Prompt:
For this exercise, reproduce each entry below exactly, excluding pictures.

(Beginning of Data records)

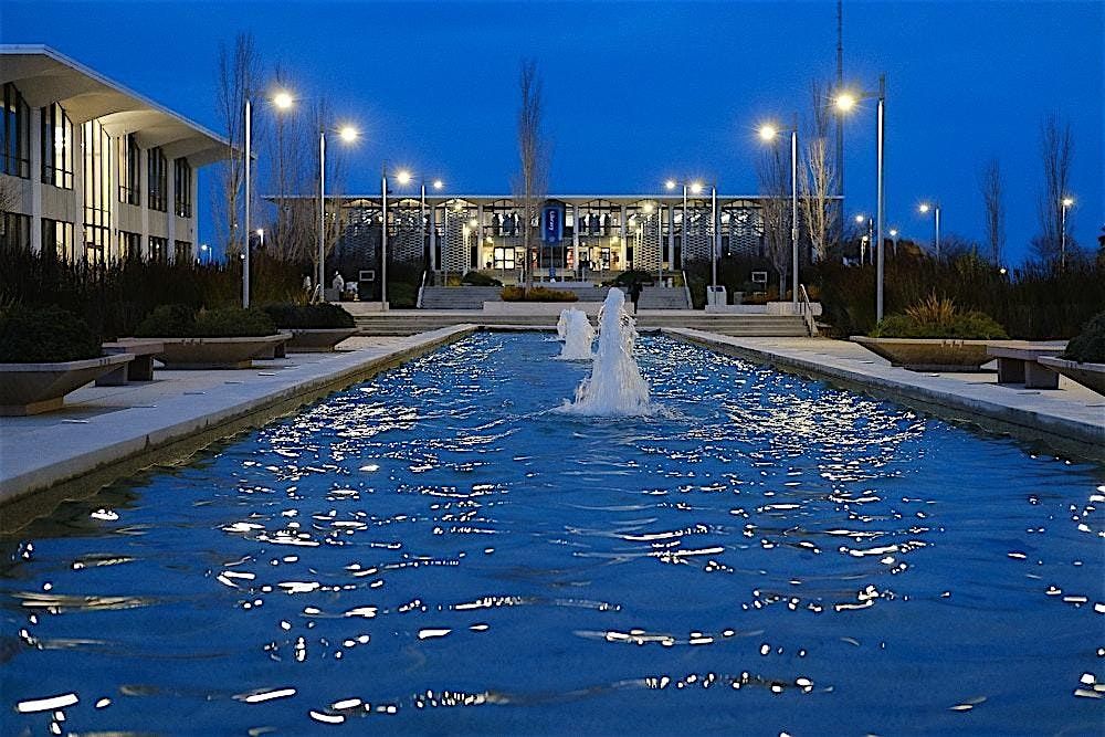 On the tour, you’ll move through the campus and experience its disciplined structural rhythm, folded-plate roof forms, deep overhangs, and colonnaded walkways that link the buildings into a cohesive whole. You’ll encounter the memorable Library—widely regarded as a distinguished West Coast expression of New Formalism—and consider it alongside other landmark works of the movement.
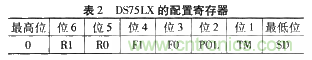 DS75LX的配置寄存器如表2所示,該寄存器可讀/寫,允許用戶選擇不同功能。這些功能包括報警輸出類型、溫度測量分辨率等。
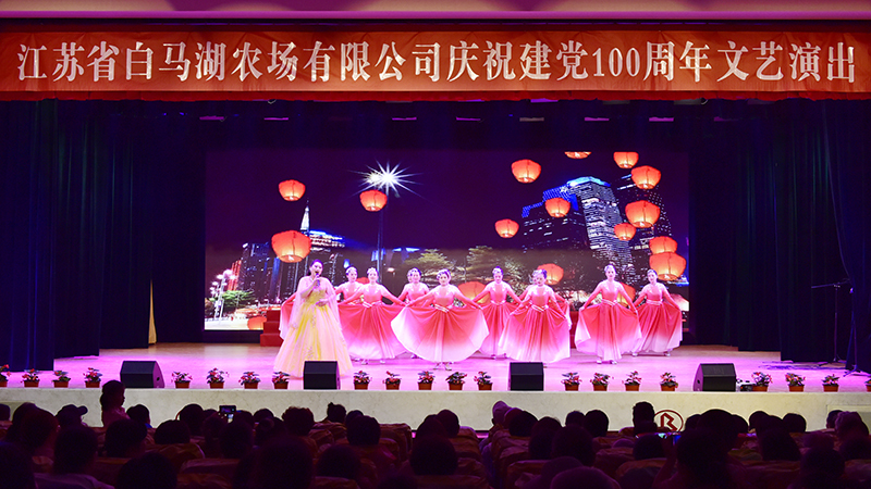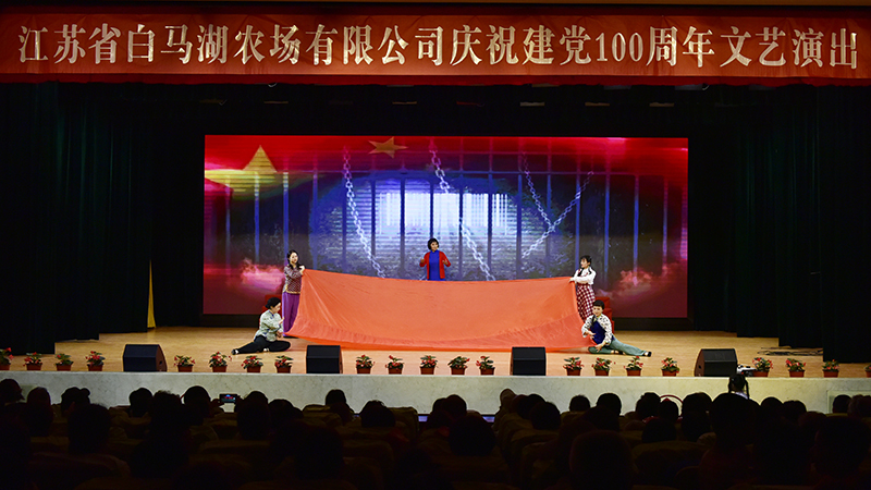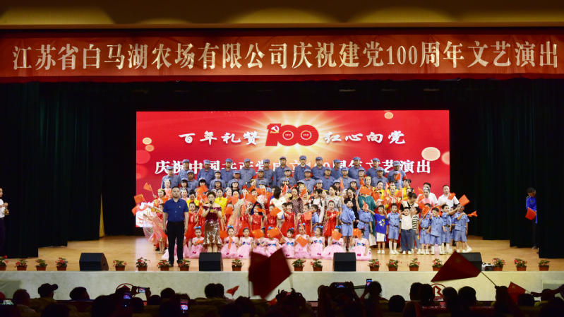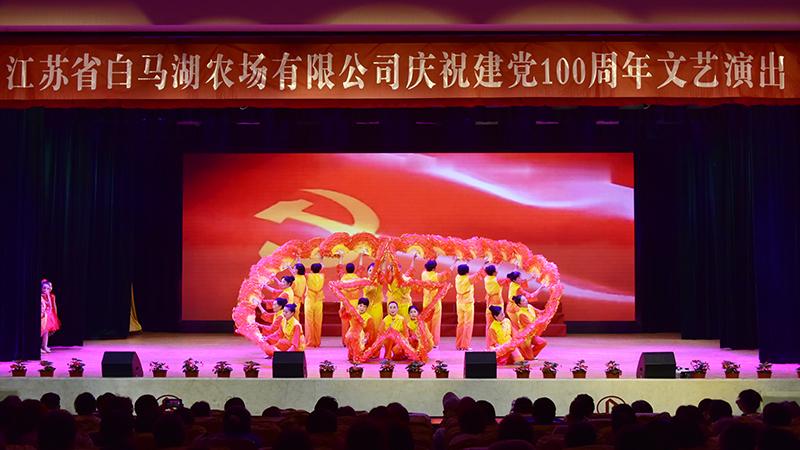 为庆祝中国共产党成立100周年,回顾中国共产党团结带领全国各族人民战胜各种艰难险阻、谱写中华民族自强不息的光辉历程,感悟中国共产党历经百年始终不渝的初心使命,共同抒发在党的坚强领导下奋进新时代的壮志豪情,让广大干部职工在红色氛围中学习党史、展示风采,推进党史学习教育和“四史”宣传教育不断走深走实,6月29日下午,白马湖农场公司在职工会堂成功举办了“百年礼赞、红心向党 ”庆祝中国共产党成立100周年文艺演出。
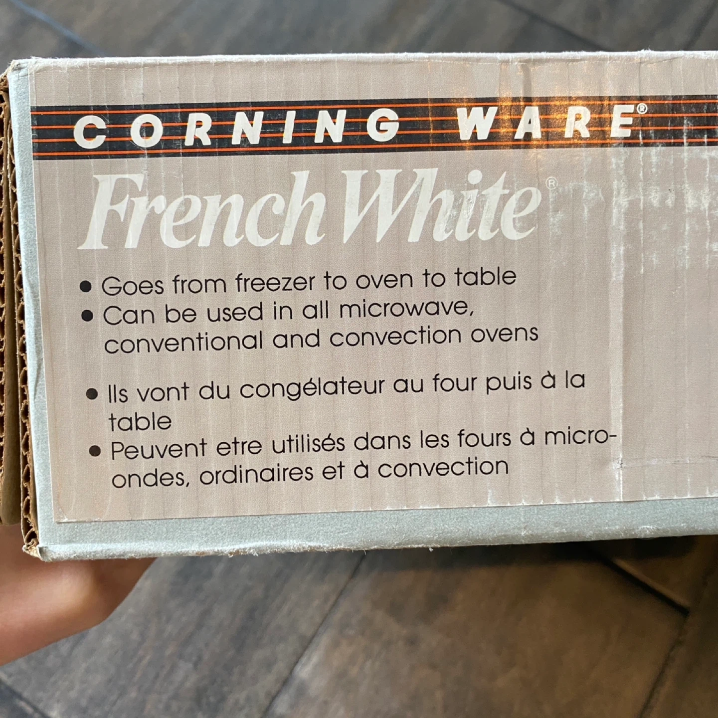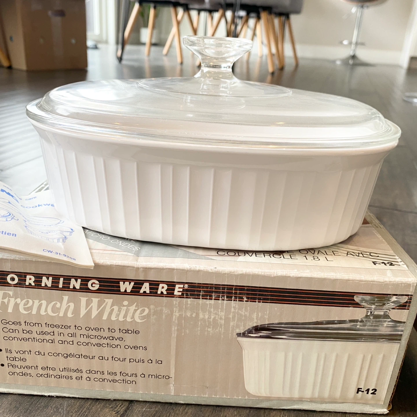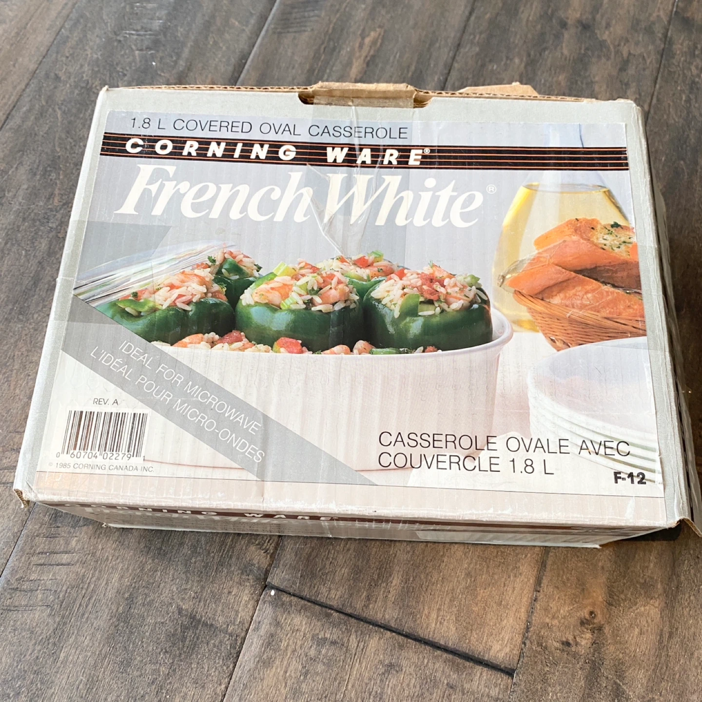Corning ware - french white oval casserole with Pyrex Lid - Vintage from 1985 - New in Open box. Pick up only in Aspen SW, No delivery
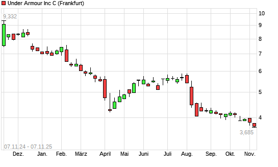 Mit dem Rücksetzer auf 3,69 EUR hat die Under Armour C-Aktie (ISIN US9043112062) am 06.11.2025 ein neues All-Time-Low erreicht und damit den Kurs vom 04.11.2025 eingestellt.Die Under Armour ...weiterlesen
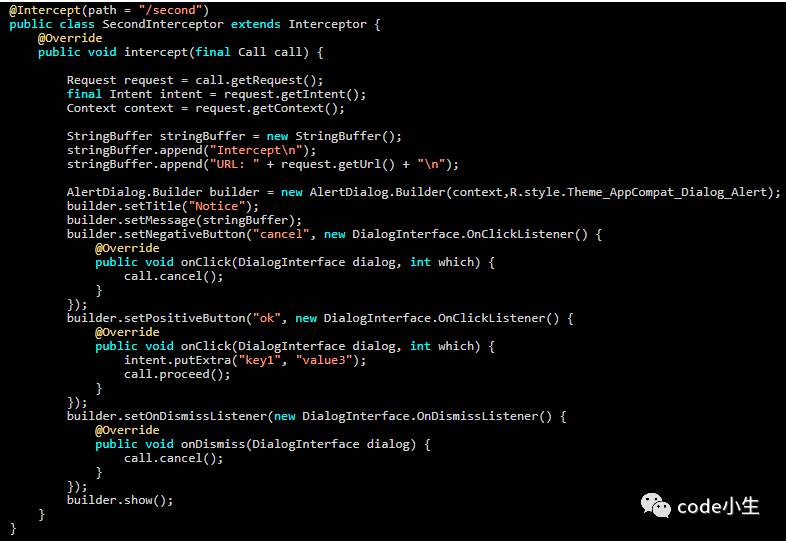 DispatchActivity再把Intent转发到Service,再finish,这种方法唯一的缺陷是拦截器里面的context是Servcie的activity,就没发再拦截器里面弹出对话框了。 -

(End of Data records)

Answer to this problem:
 On the tour, you’ll move through the campus and experience its disciplined structural rhythm, folded-plate roof forms, deep overhangs, and colonnaded walkways that link the buildings into a cohesive whole. You’ll encounter the memorable Library—widely regarded as a distinguished West Coast expression of New Formalism—and consider it alongside other landmark works of the movement.
 DS75LX的配置寄存器如表2所示,該寄存器可讀/寫,允許用戶選擇不同功能。這些功能包括報警輸出類型、溫度測量分辨率等。
 为庆祝中国共产党成立100周年,回顾中国共产党团结带领全国各族人民战胜各种艰难险阻、谱写中华民族自强不息的光辉历程,感悟中国共产党历经百年始终不渝的初心使命,共同抒发在党的坚强领导下奋进新时代的壮志豪情,让广大干部职工在红色氛围中学习党史、展示风采,推进党史学习教育和“四史”宣传教育不断走深走实,6月29日下午,白马湖农场公司在职工会堂成功举办了“百年礼赞、红心向党 ”庆祝中国共产党成立100周年文艺演出。
Corning ware - french white oval casserole with Pyrex Lid - Vintage from 1985 - New in Open box. Pick up only in Aspen SW, No delivery
 Mit dem Rücksetzer auf 3,69 EUR hat die Under Armour C-Aktie (ISIN US9043112062) am 06.11.2025 ein neues All-Time-Low erreicht und damit den Kurs vom 04.11.2025 eingestellt.Die Under Armour ...weiterlesen
 DispatchActivity再把Intent转发到Service,再finish,这种方法唯一的缺陷是拦截器里面的context是Servcie的activity,就没发再拦截器里面弹出对话框了。 -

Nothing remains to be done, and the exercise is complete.